Перейти на страницу:

Мы всё не могли выбрать подходящее место. Только сядем на землю, и вдруг как варом обдаст — именно сюда упадет бомба, безумие здесь оставаться. Наконец, мы прилегли на крутом склоне лесистого холма. Было неудобно так лежать и все-таки, едва я вытянул ноги, как по всему телу разлилась блаженная истома.

— Советую тебе снять башмаки. — сказал Раймон.

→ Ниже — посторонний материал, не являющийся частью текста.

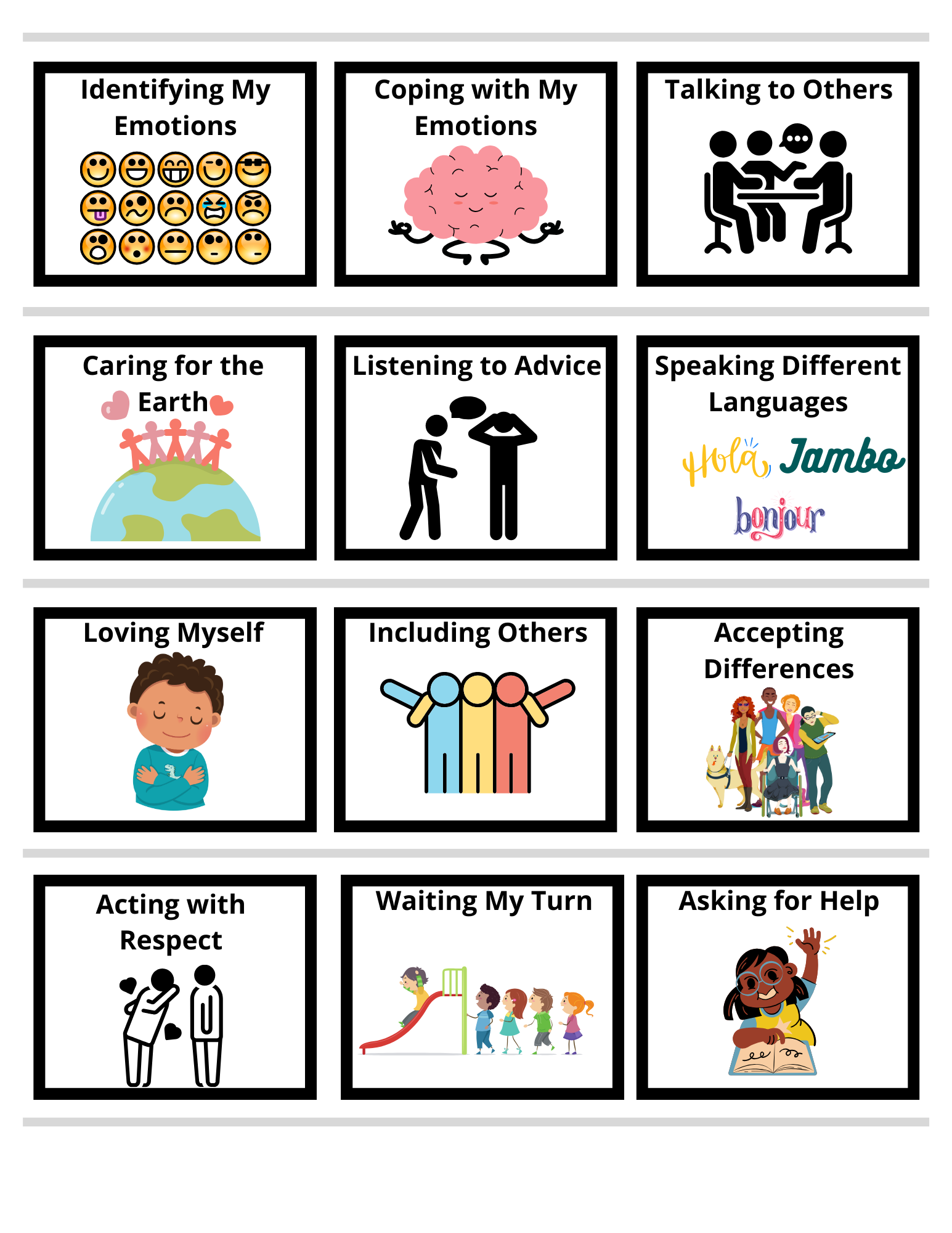 Strength-based goals and planning can be essential to child success and yet kids often struggle with identifying their own strengths due to language impairment, or decreased self-efficacy, self esteem, or self-awareness. This visual can be used as a strength "menu" or cut into a deck of cards to help kids recognize their strengths and identify areas they want to build and grow.
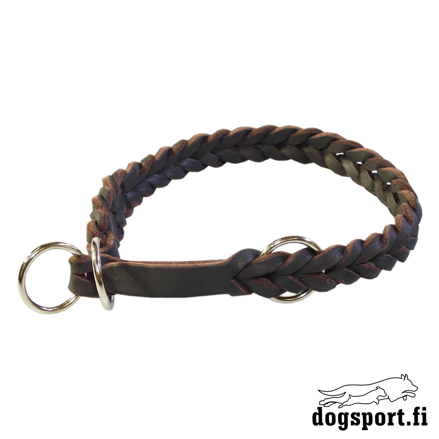 Aidosta nahasta käsityönä punottu puolikiristävä nahkapanta teräksisillä renkailla.

Но мне было лень двигаться. Смотря, как Раймон разувается, я с досадой подумал: «Почему он должен все время что-то делать, ни минуты не посидит спокойно». И вдруг что-то огромное, как обломок другой планеты, упало на землю и весь холм упруго дрогнул. Мы вскочили на ноги. Там, где прежде среди вершины деревьев была видна крыша дома, во дворе которого нас угощали артиллеристы, теперь словно из недр земли, клубясь, подымался столб черного дыма.

Мы молча собрались и пошли. Об отдыхе больше никто не думал.

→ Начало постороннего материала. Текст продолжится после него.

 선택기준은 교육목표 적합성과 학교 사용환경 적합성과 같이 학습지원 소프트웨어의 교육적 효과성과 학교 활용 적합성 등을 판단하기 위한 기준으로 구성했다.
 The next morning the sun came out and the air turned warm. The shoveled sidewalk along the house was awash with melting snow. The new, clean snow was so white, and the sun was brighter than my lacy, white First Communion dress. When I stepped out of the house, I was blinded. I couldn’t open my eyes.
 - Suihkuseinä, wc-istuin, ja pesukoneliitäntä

Каким-то образом, мы все-таки набрели на солдат нашего батальона. Они лежали в цепи на опушке леса.

Уже смеркалось. На той стороне пересекавшей поле канавы вдруг появились люди. Мы начали в них стрелять. Они закричали удивленно, как мне показалось, испуганно и сердито. Впоследствии, когда я привык к звукам немецкой речи, я никак не мог соединить их с этим криком. Нет, эти люди совсем по-другому, не по-немецки тогда закричали, а будто на каком-то не европейском, на каком-то даже не человеческом языке. Не обращая внимания на нашу стрельбу, они странно близко, словно сразу за стеблями высокой травы у меня перед глазами, продолжали, как журавли, ходить по краю луга, стреляя в нас из автоматов.

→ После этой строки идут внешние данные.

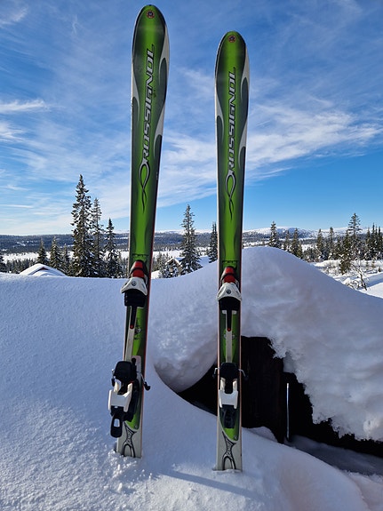 Rossignol alpinski 184 cm grønn med Randonee bindinger. Feller følger med.
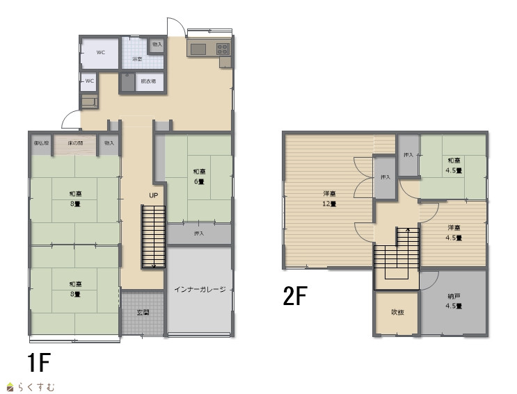 | 間取り | 6DK (和室:8畳、8畳、6畳、4.5畳) (洋室:12、4.5) | ||
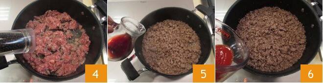 würzen Sie mit Pfeffer 4 und lassen Sie es 3-4 Minuten anbraten. Sobald die Wurst Farbe angenommen hat, mit Rotwein ablöschen 5, den Alkohol verdampfen lassen und dann die Tomatenpassata hinzufügen 6
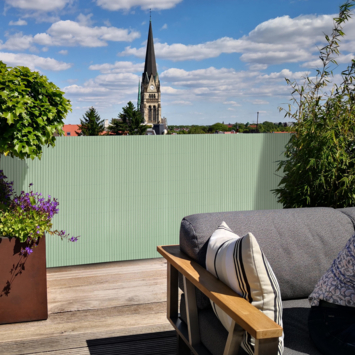 Het balkonscherm PVC groen creëert een sfeervolle plek en privacy op jouw balkon. De hoogwaardige kunststof latten zijn strak aan elkaar vast gemaakt. Je bent hiermee verzekerd dat je pottenkijkers buiten houdt.
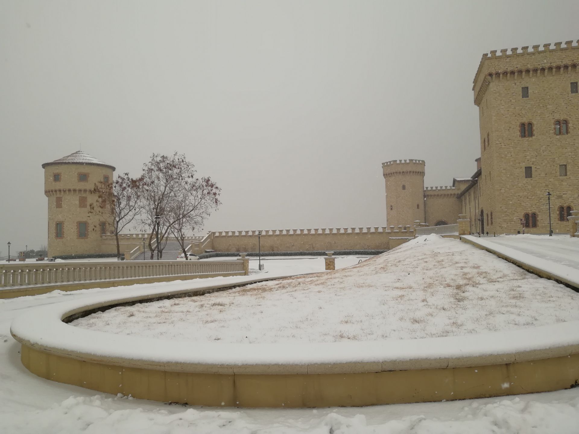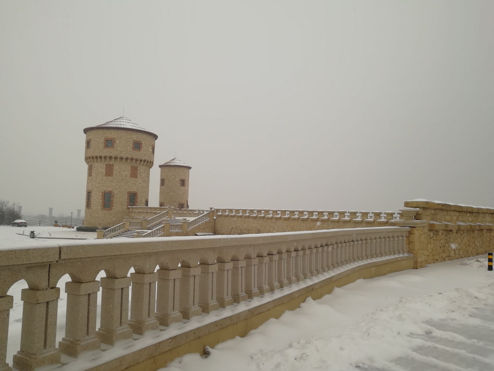 冬日的酒庄,黄白相间,站在高楼向远处瞭望,一片银装素裹,很漂亮,值得推荐。家门口的欧式风景酒庄

Из отдаления моего сознания, которое будто во вне меня мигало в какой-то мгле, я видел этих зеленоватых людей и меня самого, как лежа на земле я с судорожной торопливостью дергаю затвор и стреляю.

Почти сейчас же справа застучал наш пулемет и немцы исчезли, точно провалились сквозь землю. Все это слишком быстро кончилось и оставило неприятное впечатление недостоверности.

Когда стало совсем темно, мы ушли.

* * *

В Филипвилле ночью горела церковь. В проломе разбитой бомбой стены было видно, как внутри до самых сводов бушует пламя. Неверно озаряемый багровым отсветом пожара поток запрудивших площадь войск то останавливался, то снова двигался. Сменяя друг друга, из мрака призрачно возникали громады крытых грузовиков, колеса и черные стволы орудий, конские головы и лица людей, освещенные, как у идущих от Светлой заутрени.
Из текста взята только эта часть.